Based on the result of the MLE, we assume the spread can be fitted as an Ornstein Uhlenbeck with parameters 
$$ dS_t = \alpha(\kappa - S_t)dt + \sigma dW_t $$
$$ dS_t = 23.22(21.82 - S_t)dt + 8.07dW_t $$ 

We can simulate this process using the Euler-Maruyama scheme, the most elementary discretization scheme as follows 
$$ S_{t_{n + 1}} = S_{t_{n}} + \alpha (\kappa - S_{t_{n}}) \Delta t  + \sigma \sqrt{\Delta t} \cdot \Delta W_n  $$ 

The discretization scheme is provided in *scheme.py*, with accompanying simulation in simulation.py. The main benefits of Euler-Maruyama is its simple form, its first order accuracy, and its computational efficiency.

In [11]:
model_fit = OrnsteinUhlenbeck()
model_fit.params = params

## 4. Plots

Next, we make plots of both the spread and the fit, using the discretization scheme. We initialize the specifics for the plots, setting a seed for replicability. Likewise, due to a lack of sufficient flexibility, we set a fixed value for the starting point of the process and we are forced to round off the termination time $T$. 

In [12]:
seed = 123
S0 = spread[0]
T = (len(spread) * 5) / ((252 * 8 * 60))
T = int(np.ceil((T)))

A path is constructed using the aforementioned. Note that due to the specific calculation for T, the spread will be slightly shorter than the simulated path. The bug is that T is also used as a parameter for the dimensions of an eventual Monte Carlo. As such, since sample will be longer or shorter, I have chosen to make it longer to use it as a possible forecast interpretation. In the plot, the option is provided to truncate and discard this forecast. 

In [21]:
simulator = SimulationSDE(S0=S0, M=T * freq, dt=dt, model=model).set_seed(seed=seed)
sample = simulator.sim_path()
sample = sample.flatten()
sample

array([20.38      , 20.33751633, 20.32025511, ..., 20.22279256,
       20.2878612 , 20.26339213])

Now, the plots. 

In [25]:
TITLE = "Ornstein Uhlenbeck Fit"
X_AXIS = "Time"
Y_AXIS = "Spread"
LABELS = ["Real Spread", "Ornstein Uhlenbeck"]

In [26]:
plot_series_plotly(
    spread,
    sample,
    title=TITLE,
    labels=LABELS,
    xaxis_title=X_AXIS,
    yaxis_title=Y_AXIS,
    truncate=True,
)

We clearly see that the fit provided by the Ornstein-Uhlenbeck process is poor. It fails especially to capture any major deviations, failing to anticipate changes in the momentum of these deviations. Nevertheless in less volatile periods, it serves as an approximation. 

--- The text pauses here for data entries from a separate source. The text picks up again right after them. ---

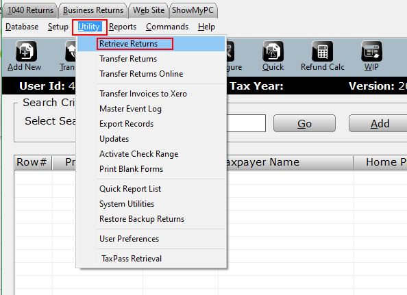 - Select Retrieve Returns from the dropdown menu.
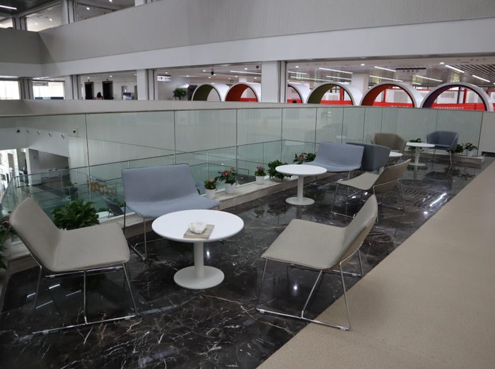 新图书馆内呈中空式布局,抬头看去,屋顶天窗将自然光线引入室内,中庭上方的3处空中斜连廊给图书馆增添了层次感。斜连廊里的空间也被巧妙利用,每一阶都设置了榻榻米式座椅,并在地面上铺了软垫。在椅子上坐累了,很多学生便来到这处“空中楼台”躺着看书,或是小憩一下。通过中庭的大斜梯走上二层的学习空间,多种颜色的圆拱形桌椅、带有蓝色围挡的双人自习座位,给灰白色调的建筑空间带来了不少活力。
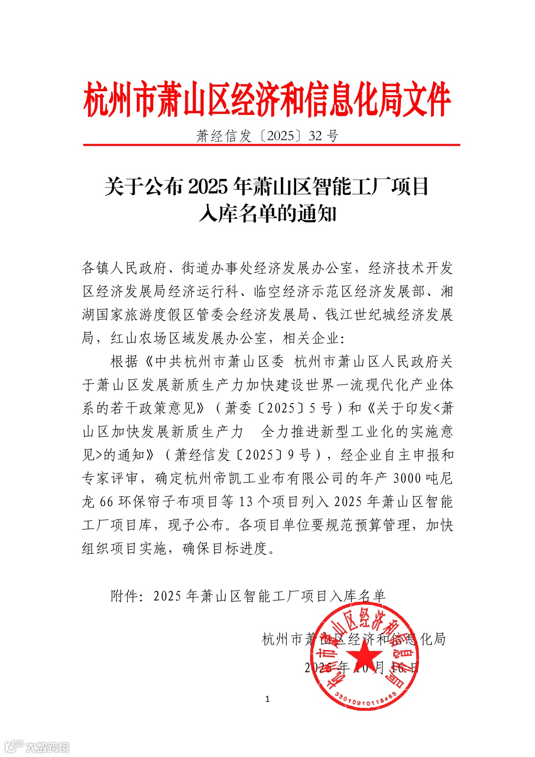 根据《中共杭州市萧山区委 杭州市萧山区人民政府关于萧山区发展新质生产力加快建设世界一流现代化产业体系的若干政策意见》(萧委〔2025〕5号)和《关于印发<萧山区加快发展新质生产力 全力推进新型工业化的实施意见>的通知》(萧经信发〔2025〕9号),经企业自主申报和专家评审,确定杭州帝凯工业布有限公司的年产3000吨尼龙66环保帘子布项目等13个项目列入2025年萧山区智能工厂项目库,现予公布。各项目单位要规范预算管理,加快组织项目实施,确保目标进度。
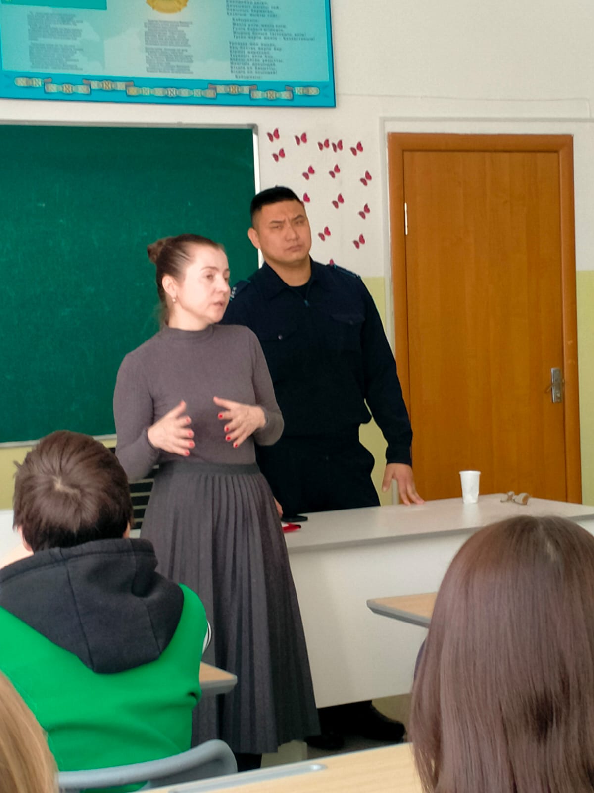 06.03.2025ж. Жасөспірімдер арасында ішімдік, электронды сигаретті пайдаланбаудың алдын алу мақсатында Алматы қалалық наркологиялық медико-әлеуметтік сауықтыру орталығының дәрігер-наркологы А.А.Трубникова, мектеп инспекторы Н. Тұратай мен 7-10 сынып оқушылары арасында кездесу болып өтті. Дәріс барысында, алкоголь - адамды уландыратын зат екендігін және ол әртүрлі химиялық қоспалардан тұратындығын, егер оны көп мөлшерде пайдалансаң, адам ағзасын біртіндеп уландыра бастайтындығын баса айтып өтті.
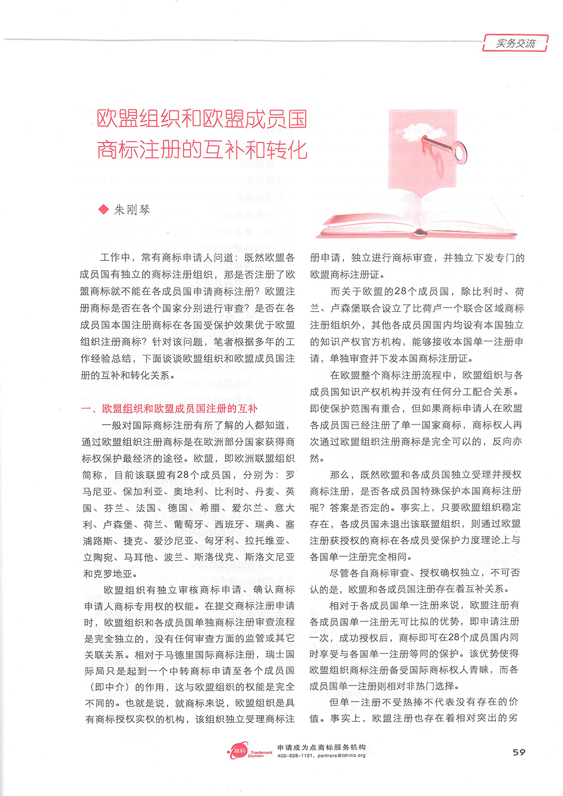集佳文章《歐盟組織和歐盟成員國商標注冊的互補和轉化》在《中華商標》發表
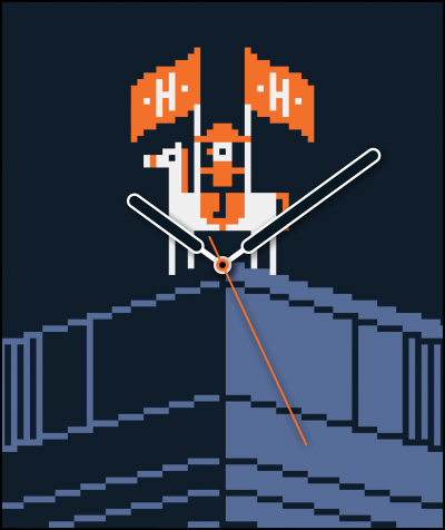 The Faubourg Party never ends with this durable jacquard knit design, featuring a drawing of the historic 24 Faubourg Saint-Honoré store by artist Tibor Kárpáti. The strap is accompanied by 24 watch face animations for around-the-clock fun.
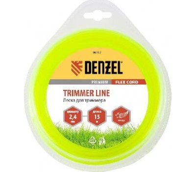 Леска для триммера DENZEL Леска для триммера звезда 2,4 мм х 15 м, блистер FLEX CORD 96112
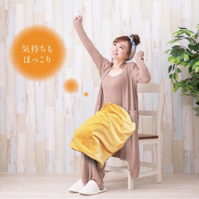 100×70cmの大きめサイズで膝下までしっかり覆ってくれます。
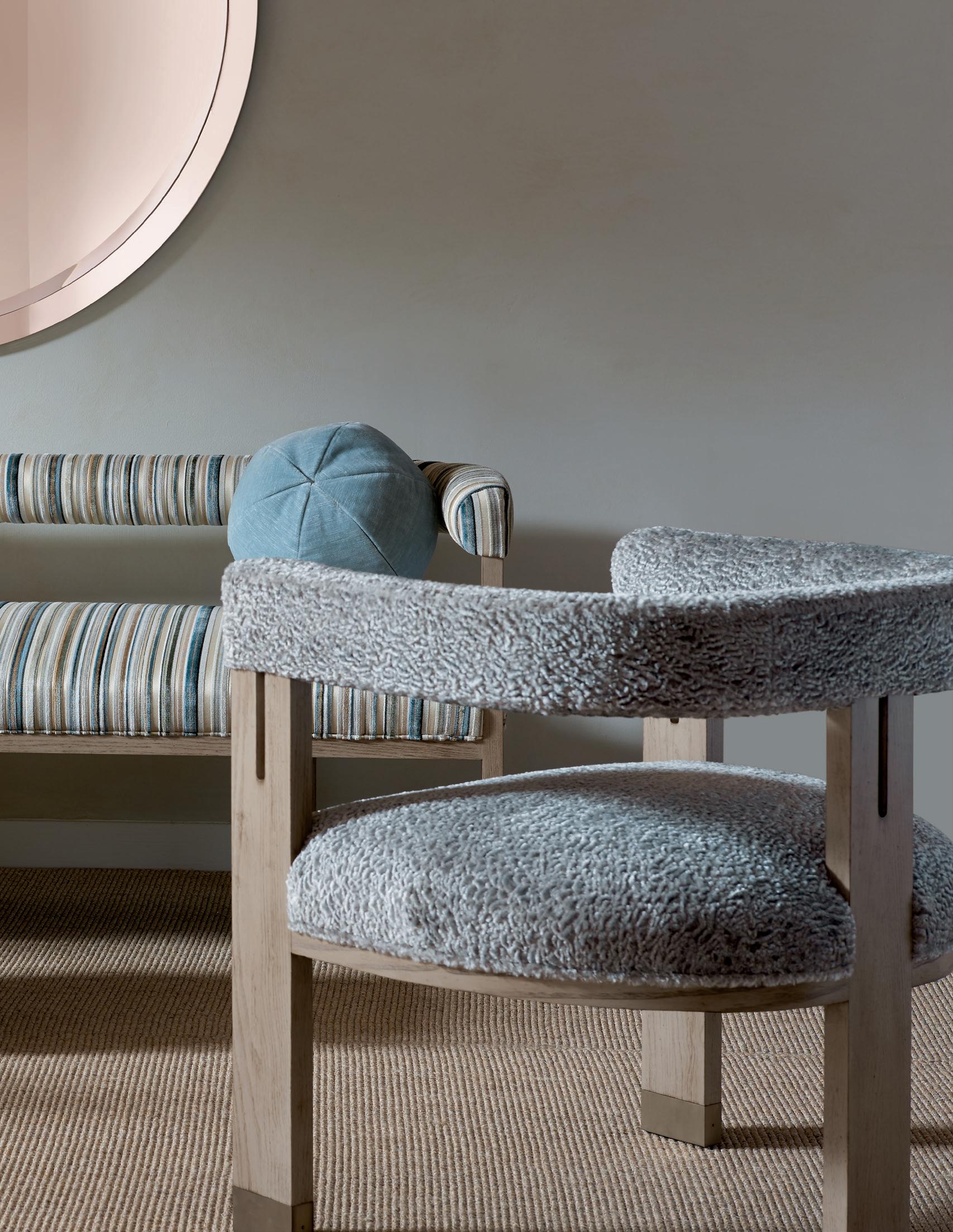 HC8522-23 Quince Tub Chair, HC8522-29 Quince Ottoman, and HC8585-70 Nina Side Table See Design Details for finish specifications, page 335.

Finally, we consider the moments, first of the spread, second of the simulation. 

In [28]:
moments_spread = calculate_moments(data=spread)

{'Kurtosis': 0.39893613722928967,
 'Mean': 21.707308807655405,
 'Skewness': -0.5474354025181073,
 'Variance': 1.4148241583285703}


In [29]:
moments_sim = calculate_moments(data=sample)

{'Kurtosis': -0.11614039953391009,
 'Mean': 22.152171780421025,
 'Skewness': -0.02279935139963739,
 'Variance': 1.4092992834556541}


Although the mean and variance are estimated with relatively accuracy, both the skewness and kurtosis are very off. Based on the kurtosis, the real data has much heavier tails than the simulation. Likewise, based on the skew, the simulation interprets the data as normal (being very close to zero), which is likewise faulty.